Everything from the first line of the data below through the line that contains "จับจีบ รุ่น SF159-1" should be written out exactly, please, and nothing more; the pictures stay out.

Records shown below:

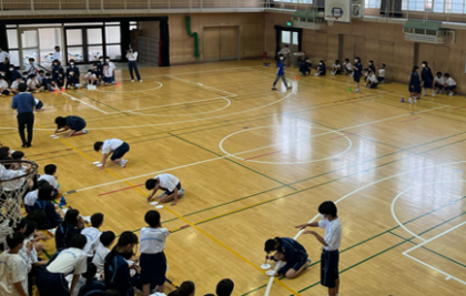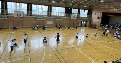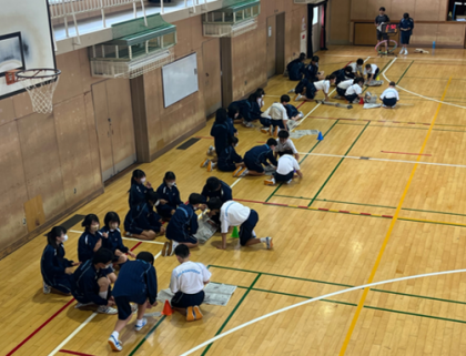 「新聞つなぎ」です。30秒ごとにメンバーが入れ替わり、新聞紙を切って、のり付け、切って、のり付けを繰り返しながら、長くつないでいく競技です。
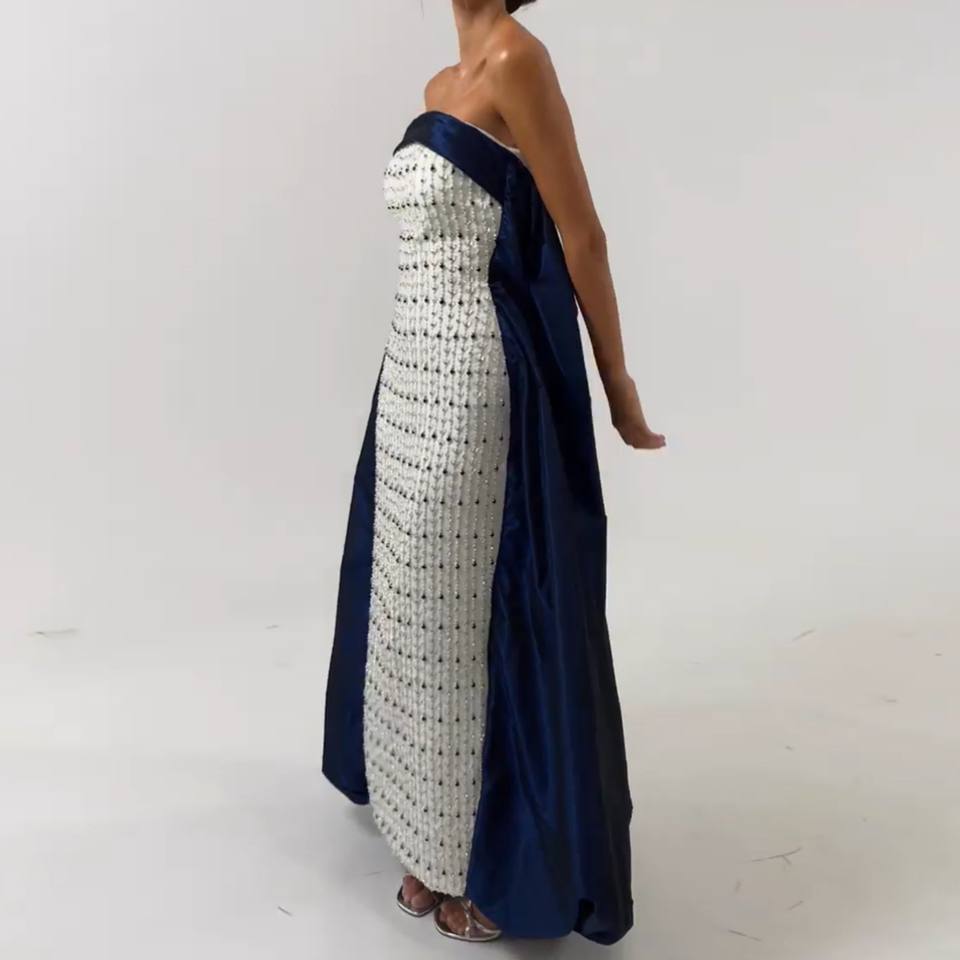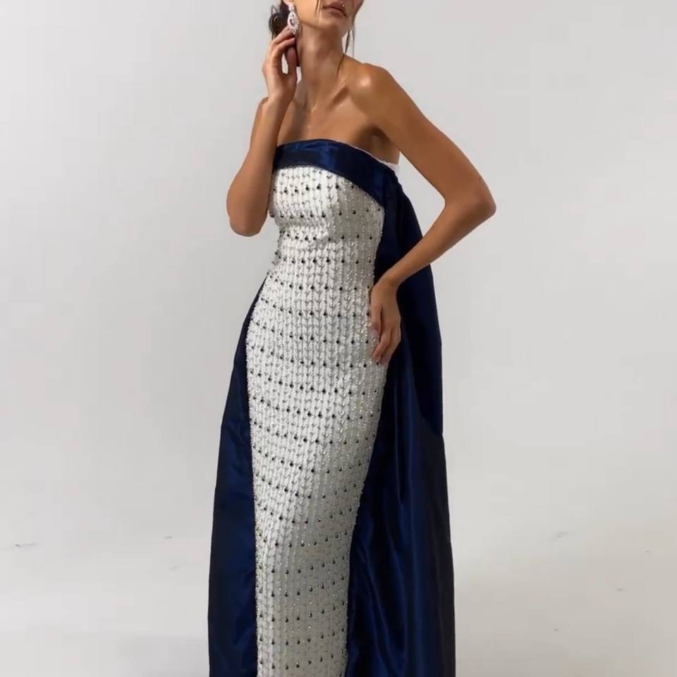 ชุดราตรีหรูหราสีขาวและสีน้ำเงินกรมท่าสำหรับผู้หญิง งานแต่งงานแบบอาหรับ ชุดออกงานอย่างเป็นทางการ ลายพิมพ์สามมิติ จับจีบ รุ่น SF159-1
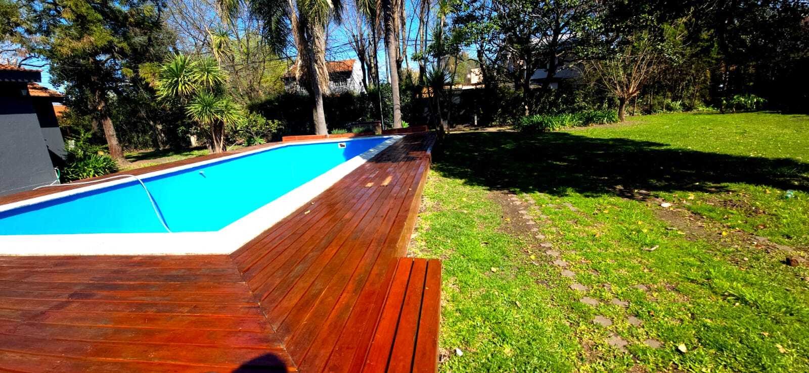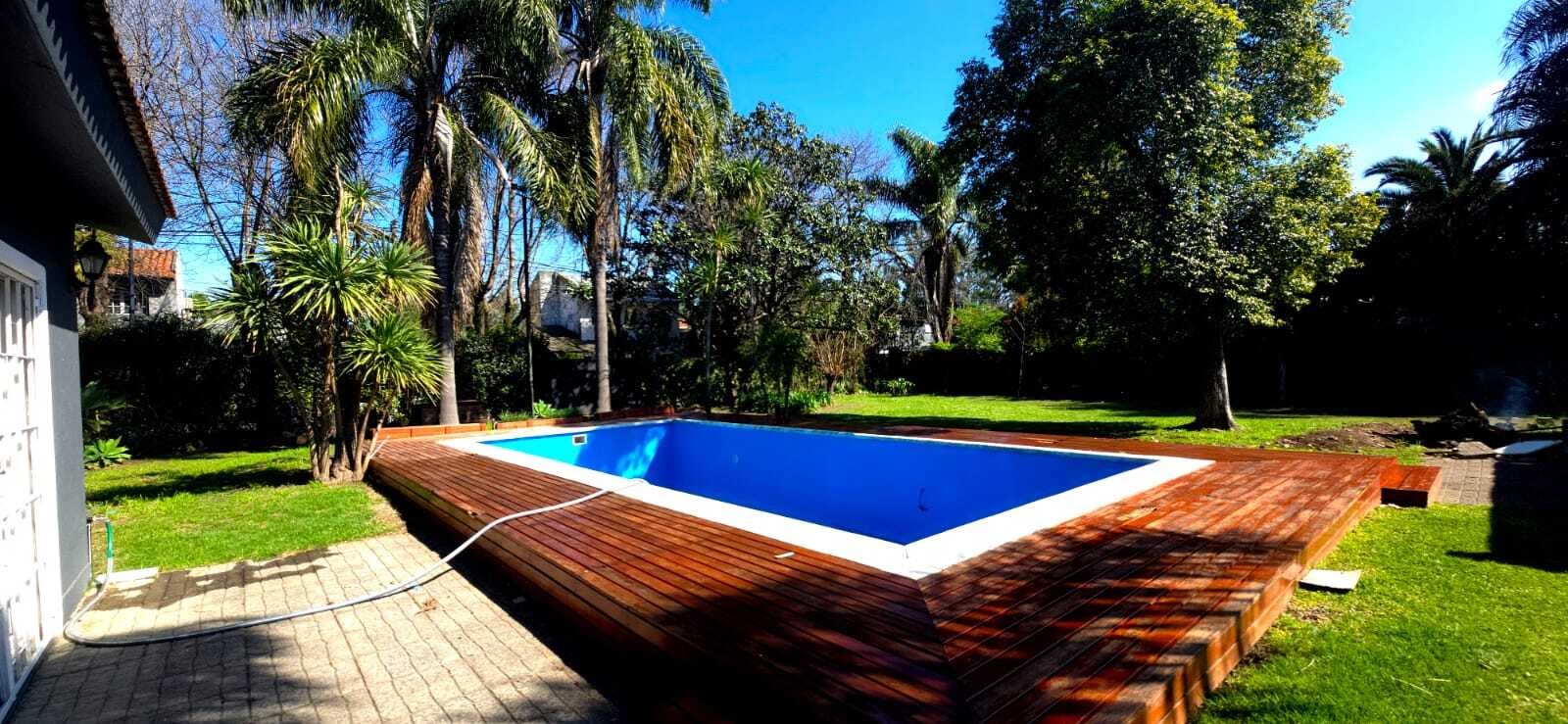 Importante Chalet, dentro del Barrio cerrado Bello Horizonte en General Pacheco, el mismo tiene un ingreso a través de la avenida Henry Ford con garita de seguridad las 24 hs, la casa se desarrolla en una sola planta. con un lote de 711 m2,parquizado y con hermosos y diversos arboles y palmeras, quincho semi cubierto, pileta de hormigón de de 8 x 4 con deck de madera y solárium, la casa posee 120 m2 cubiertos con tres dormitorios uno con baño en suite y vestidor, un baño completo para los otros dos dormitorios, living comedor con hogar y cocina comedor diario completa con muebles de alto y bajo mesada en buenas condiciones de uso, toda la casa posee radiadores de aluminio y caldera.
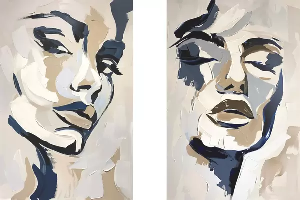 Poster Abstrakte Gesichter von Frauen mit imitierten Pinselstrichen Nr d00713
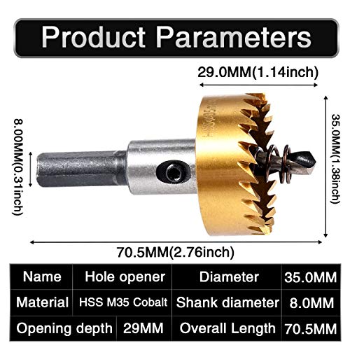 HOHXEN Seghe a Tazza HSS 35mm in Acciaio Inossidabile,Foratura del Metallo per Utensili Elettrici (30-60mm)
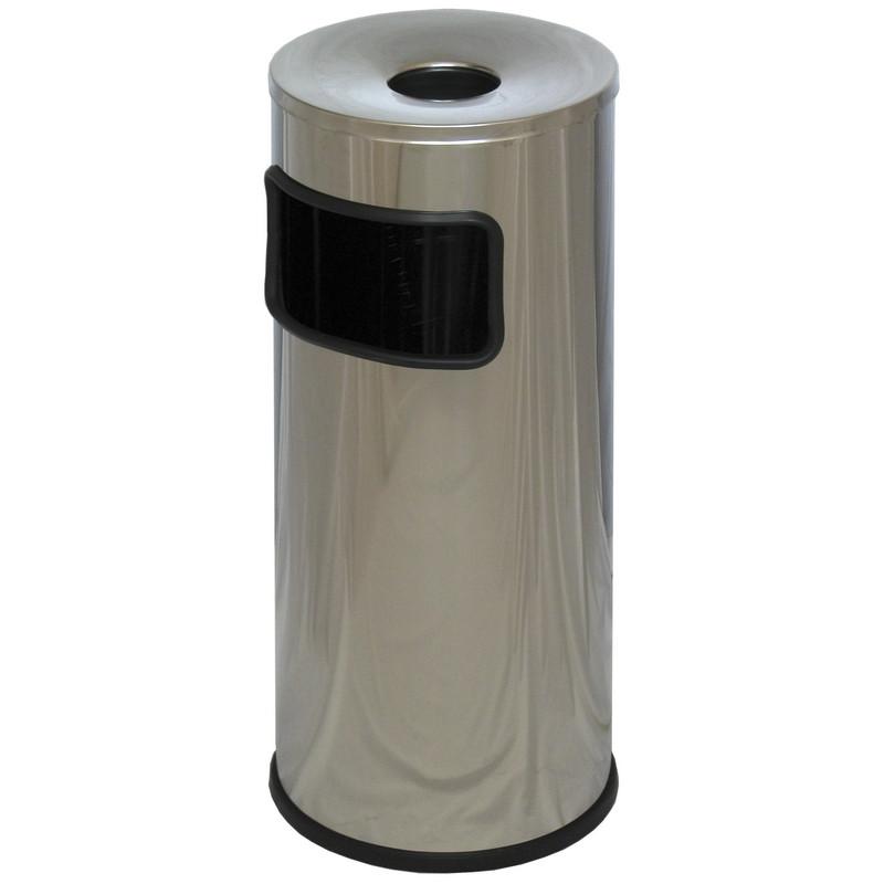 Урна-пепельница уличная Титан N 54 30 л хромированная сталь (60×25×25 см)<br><br>Урна выполнена из нержавеющей стали с хромированным покрытием. Может быть установлена как внутри помещения, так и во внешнем пространстве. Ёмкость для пепла находится в верхней части, снабжена удобными бортиками. Контейнер обладает прочностью, устойчив к вмятинам, легко моется обычными средствами и водой. На крышке не остаются следы пальцев. Урна выполнена в классическом стиле. <br>Урна не является огнебезопасной. <br>Уход за урной: Верхняя крышка с отверстием для окурков легко снимается и моется. Под ней размещён контейнер для предотвращения попадания горящих окурков внутрь урны. Боковое окно позволяет кидать более крупный мусор. Ёмкость для окурков можно снять и промыть. <br>Цвет каркаса — металлик, цвет бака — чёрный. <br><br>Внимание: в характеристике «Объём рекомендуемого мешка» указан минимальный Объём мешка, который подойдёт для изделия. Рекомендуется приобретать мешки указанного, либо большего объёма.
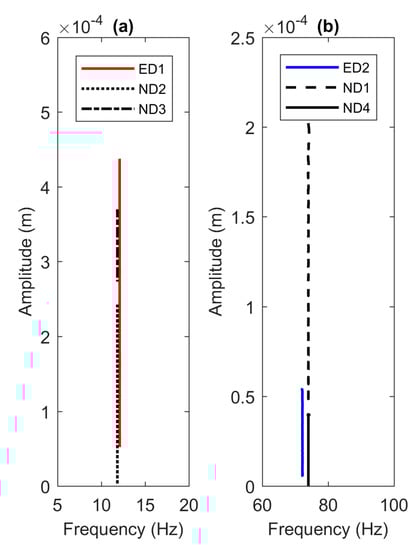 The time series of velocity shown in Figure 6 is integrated numerically to obtain the relative displacement of the beam. Using the nonlinear identification method to extract the instantaneous amplitude and frequency presented above, the backbone curves for the first and second mode are depicted in Figure 7a,b. From the figures, the backbone curves indicated with the legends ED1—ND4 are extracted from the instantaneous amplitudes shown in Figure 6. The instantaneous frequencies however are not shown here for brevity. The backbone diagrams exhibit a straight-line indicating that the system behaves linearly. The difference between the estimated frequency values between the experimental and numerical models can be related to the filtering process in the HVD procedure to smooth out the analytical signal, the instantaneous vibration properties and the demodulation process. Nevertheless, the disparity between the two models are insignificant with errors less than 3% for the two modes.
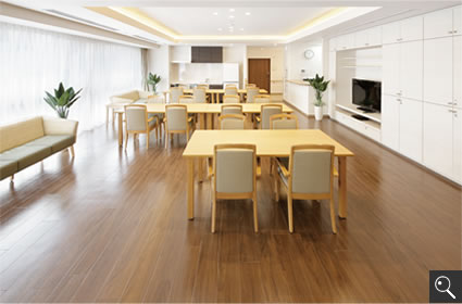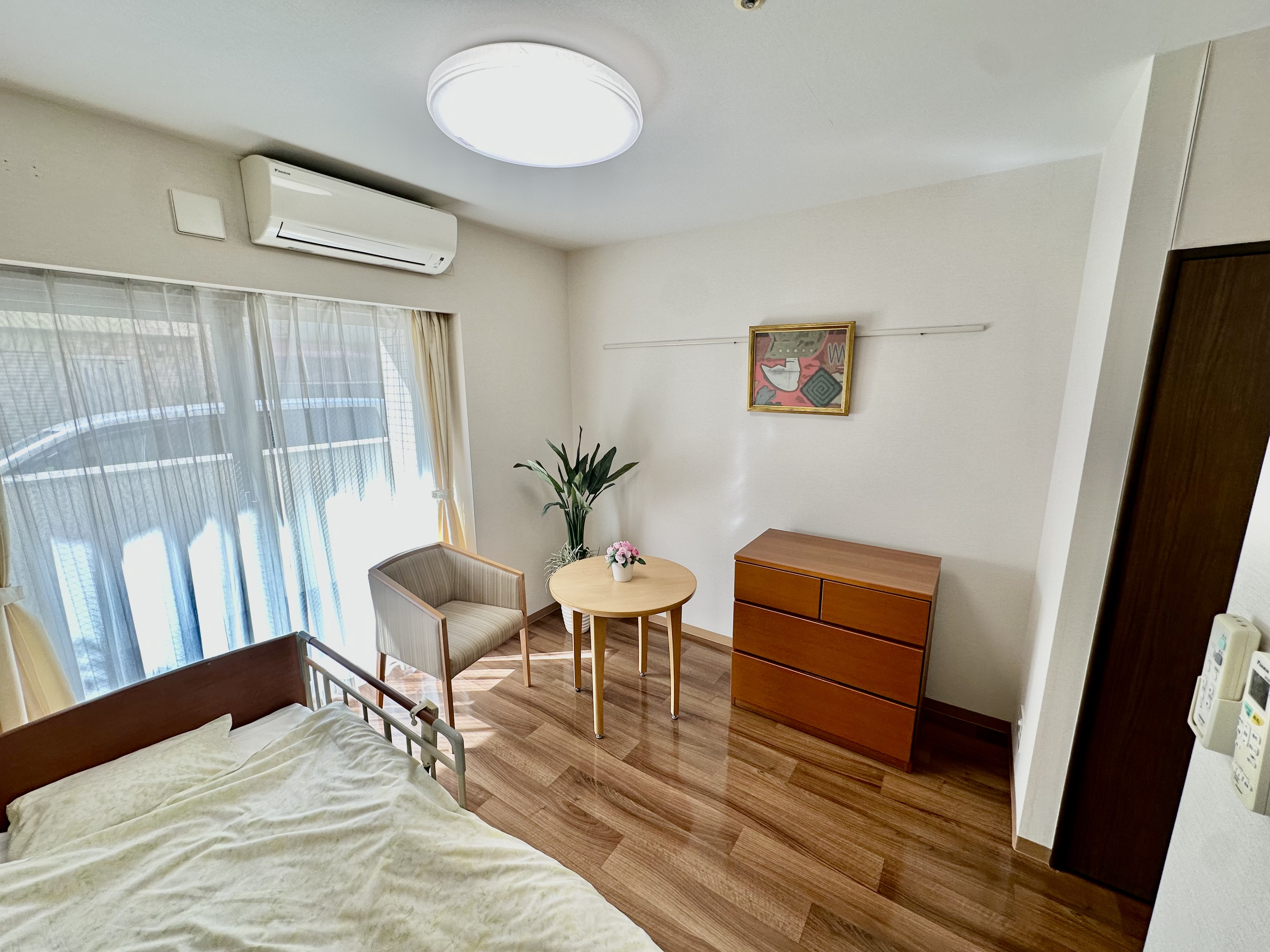 | 居室設備 | エアコン、イオン発生機、電動ベッド、トイレ(温水洗浄便座付)、洗面台、カーテン、クローゼット、ナースコール、室内照明、チェスト、ユニットバス(5階居室のみ)、ミニキッチン(5階居室のみ)、室内洗濯機置き場(5階居室のみ) |
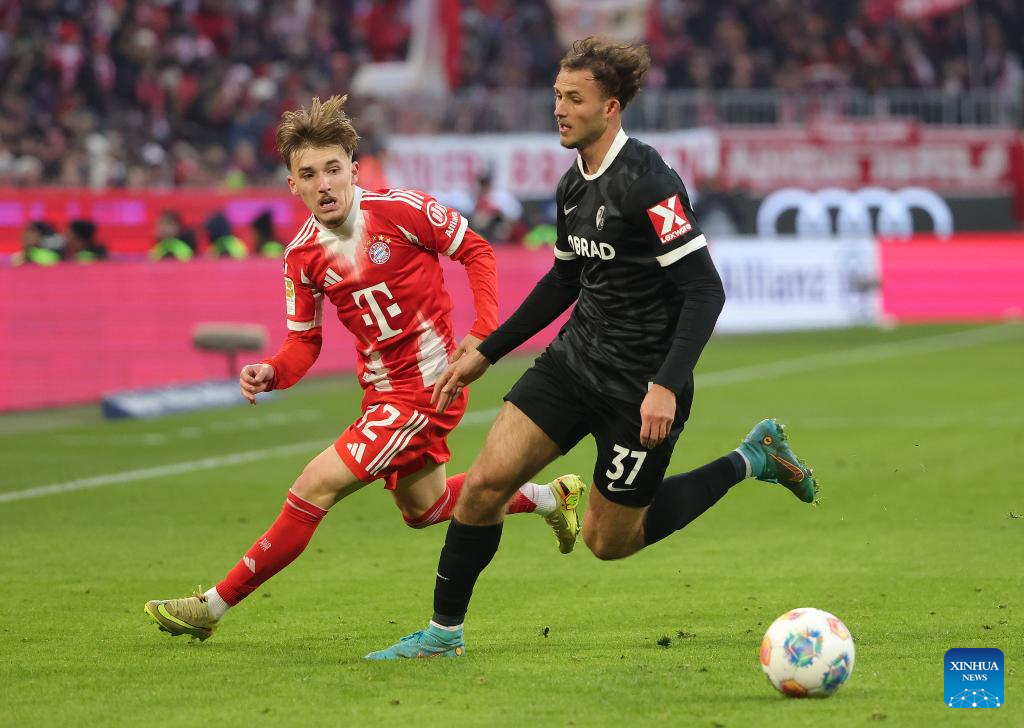 BERLIN, Nov. 22 (Xinhua) -- Bayern Munich conjured a comeback from two goals down to cruise past Freiburg 6-2 at home, with Michael Olise shining with two goals and three assists on Saturday.

End of Records shown.

# Response box:
 「新聞つなぎ」です。30秒ごとにメンバーが入れ替わり、新聞紙を切って、のり付け、切って、のり付けを繰り返しながら、長くつないでいく競技です。
 ชุดราตรีหรูหราสีขาวและสีน้ำเงินกรมท่าสำหรับผู้หญิง งานแต่งงานแบบอาหรับ ชุดออกงานอย่างเป็นทางการ ลายพิมพ์สามมิติ จับจีบ รุ่น SF159-1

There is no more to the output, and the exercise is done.